What is a savings account?

April 22nd, 2006

A savings account is a “near cash” account held by a customer at a bank, credit union, or savings and loan association. Money that is deposited into a savings account can not be accessed directly, but can be withdrawn for cash or easily transferred into a checking account where it can be accessed directly. A savings account is a good place to earn a little bit of extra interest over a checking account without losing the convenience of having liquid assets that can be accessed quickly and on demand.

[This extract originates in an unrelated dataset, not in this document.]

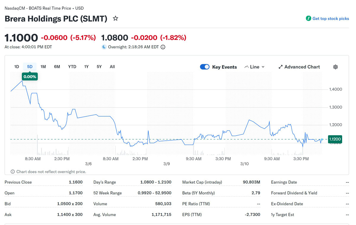 时间:2026-03-14 | 作者:318050 | 阅读:0纳斯达克上市公司Brera正在上演一场华丽转身——不仅计划更名为Solmate,更果断关闭旗下两支足球队,同时推出10比1反向拆股方案,全力押注Solana生态。这一系列动作背后,究竟藏着怎样的战略考量?

Savings accounts work by depositing your money at your savings institution. The savings institution is then obligated to return your money to you upon demand. Some accounts have a clause requiring deposits to be kept for a minimum length of time, in which case the funds will not be available for a specified amount of time after you deposit it but then is available upon demand. The savings institution pays you for the time that you leave your money in your savings account by paying interest, which is normally a fixed percentage of the amount in your savings account on a regular basis such as daily, monthly or semi-annually. Your savings institution is then allowed to do whatever they want with your money while it is in the possession, such as grant loans and mortgages. Most banks and some credit unions carry insurance for your accounts which protects your deposits in the case of the bank going out of business or for any other reason when the bank would not have funds available to you to return your money.

A popular practice is to keep an online savings account at a company such as Emigrant Direct, HSBC, or ING. All three are currently offering over 4% interest in their savings accounts, compared to around 0.8% to 1% interest at your local brick and mortar bank. These online savings accounts can be linked to your local savings account or into your checking account, which allows for simple transfers of funds.